The hash-join task_manager differs from the heap-scan pattern in
two ways: it uses a condvar wait instead of a yield-loop because
the parent has nothing useful to do during the wait (unlike the
heap-scan parent, which can be reading results in parallel with
worker writes); and it has an explicit handle_error that swaps a
worker’s er_message into the main thread’s cuberr::context
directly — bypassing the err_messages_with_lock indirection —
because the hash join only surfaces one error and wants it on the
main thread immediately.
task_execution_guard — RAII for thread-context fan-out
Section titled “task_execution_guard — RAII for thread-context fan-out”Every worker starts by impersonating the parent thread. The
task_execution_guard constructor sets
m_thread_ref.m_px_orig_thread_entry, conn_entry, tran_index,
and on_trace from the main thread’s entry, then calls
push_resource_tracks(). The destructor clears conn_entry and
on_trace and calls pop_resource_tracks(). Without this every
worker would either run with no transaction context (tripping
every assertion in the access-method layer) or with a stale
context from a previous task.
spawn_manager — per-thread XASL substructure cloning
Section titled “spawn_manager — per-thread XASL substructure cloning”Hash join uses a thread-local spawner that clones join-time
substructures (val_descr, during-join predicate, outer/inner
regu lists) on demand per worker. Each get_* call (get_val_descr,
get_during_join_pred, get_outer_regu_list_pred,
get_inner_regu_list_pred) lazily allocates and caches the cloned
substructure on the worker’s db_private_alloc heap, then returns
the cached pointer on subsequent calls. This is the hash-join
analogue of the heap-scan task’s clone_xasl(), but at finer
granularity: only the substructures each worker actually needs.
flowchart TB
QHJ["qexec_hash_join (status switch)"]
HTP["hjoin_try_parallel:<br/>compute_parallel_degree(HASH_JOIN)<br/>· try_reserve_workers"]
QHJ -->|HASHJOIN_STATUS_TRY| HTP
HTP -->|< 2 workers| Single[serial: hjoin_execute]
HTP -->|>= 2 workers| EP[parallel_query::hash_join::execute_partitions]
QHJ -->|HASHJOIN_STATUS_PARTITION| BP1[hjoin_execute_partitions serial]
EP --> Phase1[build_partitions]
Phase1 --> SplitO["N x split_task (outer)"]
SplitO --> JoinO[task_manager::join]
JoinO --> SplitI["N x split_task (inner)"]
SplitI --> JoinI[task_manager::join]
JoinI --> Phase2[execute_partitions phase 2]

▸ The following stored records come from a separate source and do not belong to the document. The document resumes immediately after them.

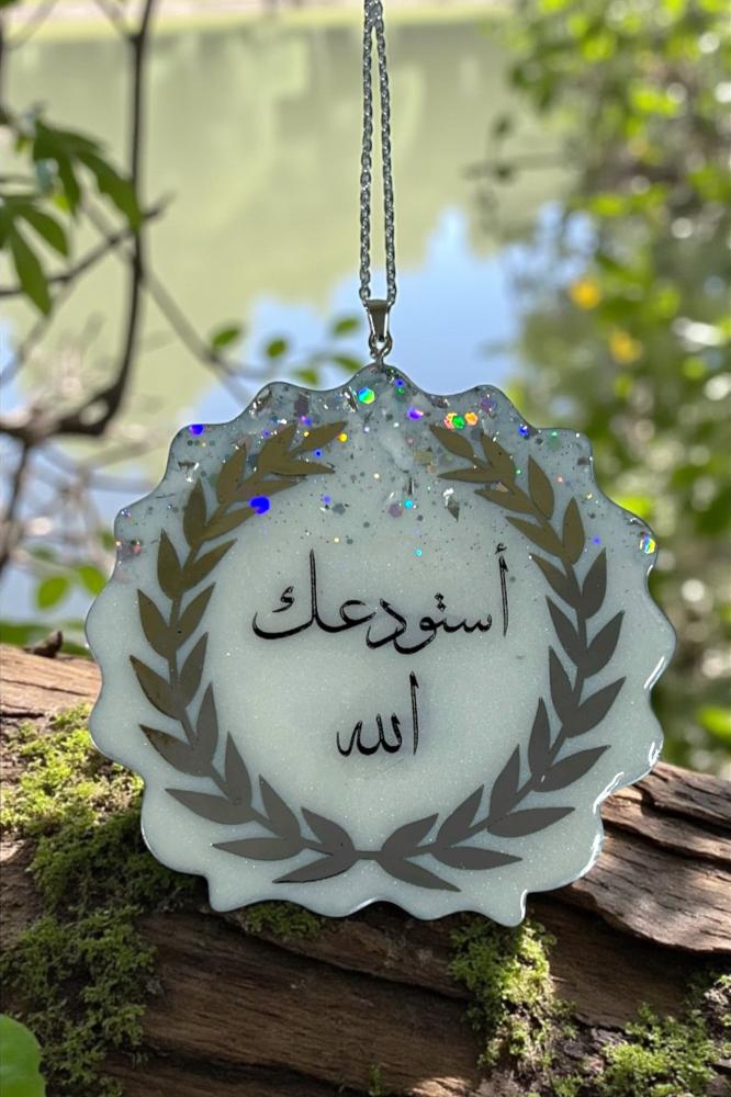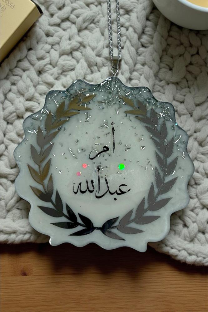 _تعليقة سيارة فخمة من الريزن، مصممة بعناية لتضيف لمسة من الجمال والرقي إلى سيارتك. تتميز باللون الأبيض اللؤلؤي الجميل، مع كتابة باللون الذهبي اللامع واسمك الشخصي._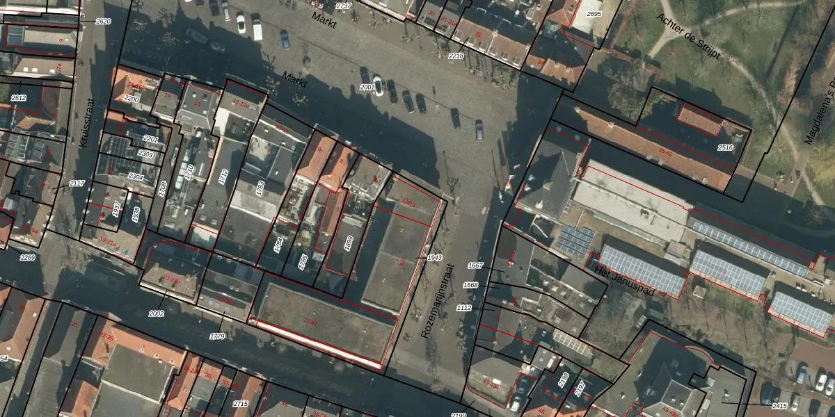 Het perceel waarop Markt 2 staat heeft een oppervlakte van 990 m². Dit is een groot perceel. De perceeloppervlakte wordt geregistreerd door het Kadaster. Gedetailleerde informatie over de maten van dit perceel kunt u vinden in het rapport Kadastrale kaart met maatvoering van Markt 2.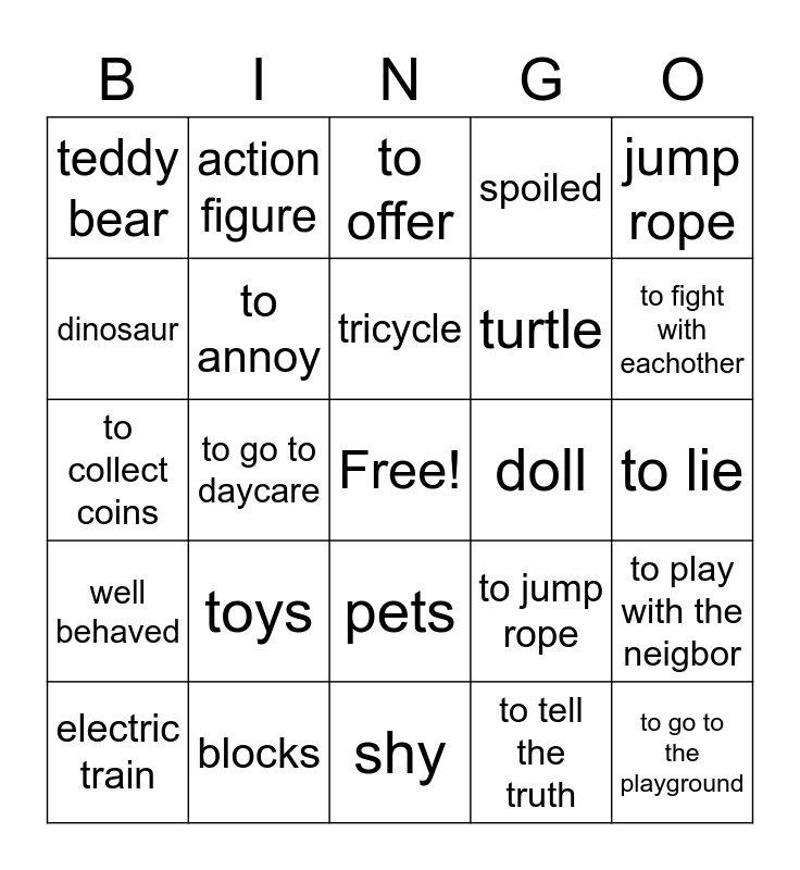 This bingo card has a free space and 24 words: toys, blocks, tricycle, electric train, jump rope, teddy bear, dinosaur, action figure, doll, pets, turtle, to collect coins, to jump rope, to play with the neigbor, to annoy, to tell the truth, to lie, to offer, to fight with eachother, to go to daycare, to go to the playground, well behaved, spoiled and shy.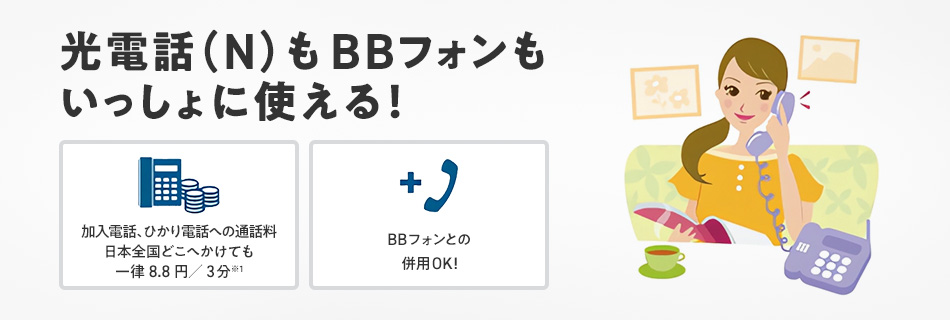 - ホームゲートウェイ(S)とBBフォンまたは光電話(N)をご利用の場合、光電話機能は無料で提供いたします。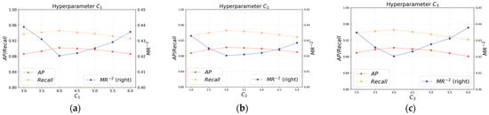 Results of MA-NMS with varying values of exponential constants. (a) Hyperparameter ; (b) hyperparameter ; (c) hyperparameter . The higher the and , the lower the , and the better the result.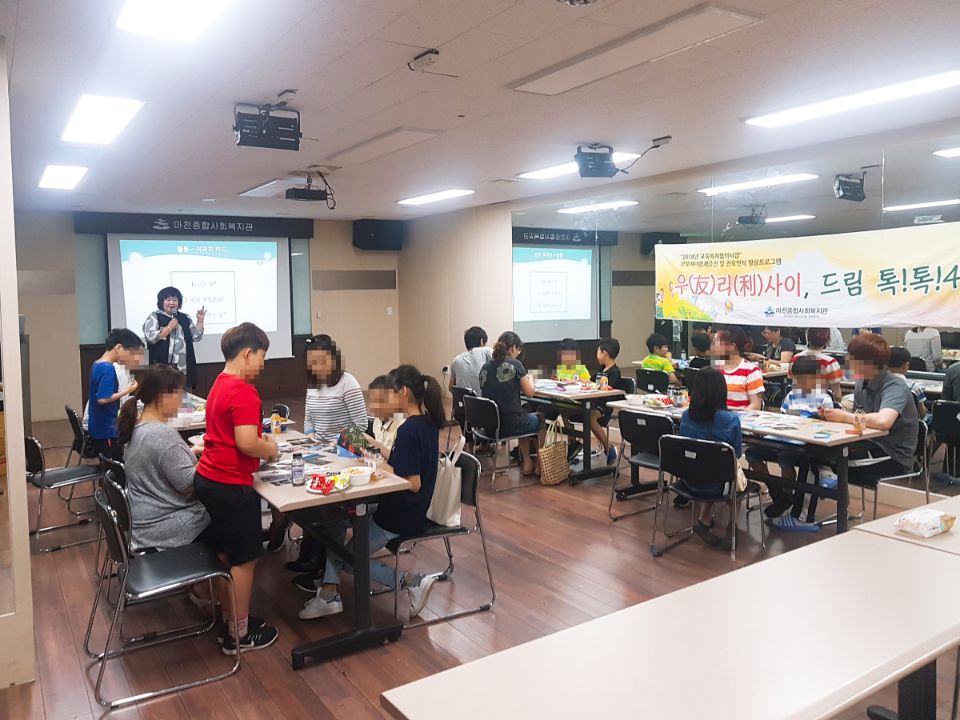 Áö³ 6¿ù 2ÀÏ(Åä), 6¿ù 16ÀÏ(Åä) ¸¶ÃµÁ¾ÇÕ»çȸº¹Áö°ü ÁöÇϰ´ç¿Í ¾Æ¸§Àεµ¼°ü¿¡¼ °µ¿¼ÛÆÄ±³À°Áö¿øÃ» Áö¿ø ±³À°º¹ÁöÇù·Â»ç¾÷ "¿ì(éÒ)¸®(××)»çÀÌ, µå¸²ÅåÅå" 5, 6ȸ±â°¡ ÁøÇàµÇ¾ú½À´Ï´Ù. 5, 6ȸ±â´Â "³ª¸¦ Ç¥ÇöÇϼ¼¿ä."¶ó´Â ÁÖÁ¦·Î 2ȸ±â µ¿¾È Àü¹®°»ç¸¦ ¸ð½Ã°í ÇູÇÑ °¡Á¤À» ¸¸µé±â À§ÇÑ ±àÁ¤Àû ÀÇ»ç¼ÒÅë ¹æ¹ý¿¡ ´ëÇØ ¹è¿ü½À´Ï´Ù. 5ȸ±â¿¡´Â ÇູÀ» ¸¸µå´Â ´ëȹýÀ» ¾Ë±â À§ÇØ Áö±Ý-¿©±â¿¡¼ÀÇ °¨Á¤¿¡ ÃÊÁ¡À» ¸ÂÃß°í ...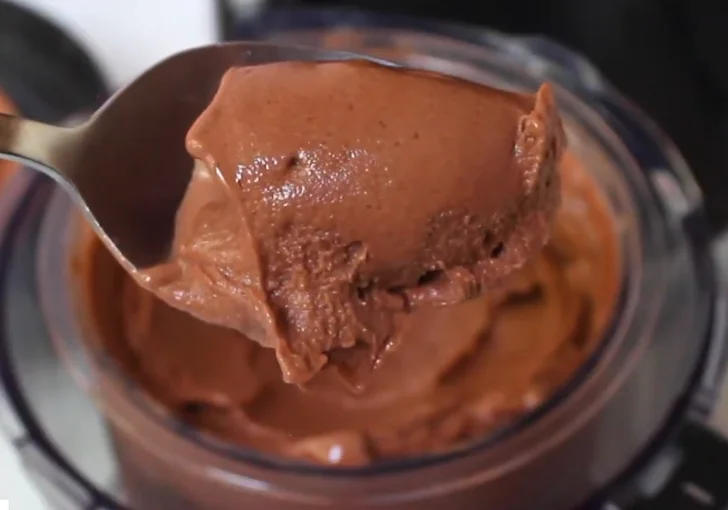 Add one tablespoon chocolate protein powder to the base before freezing. Mix well so it dissolves. The ice cream becomes thicker and adds extra protein.

Phase2 --> JT["N x join_task (build+probe per partition)"]
JT --> JoinJ[task_manager::join]
JoinJ --> MergeR["hjoin_merge_qlist per partition"]
MergeR --> Done[xasl->list_id]
Parallel query execute
Section titled “Parallel query execute”The third orchestrator runs whole XASL sub-trees in parallel. Its
canonical use is uncorrelated subqueries in the aptr_list of
certain proc types — sub-queries that the executor would otherwise
run sequentially as a prelude to the main block (UNION_PROC is a
classic example, where each branch is independent).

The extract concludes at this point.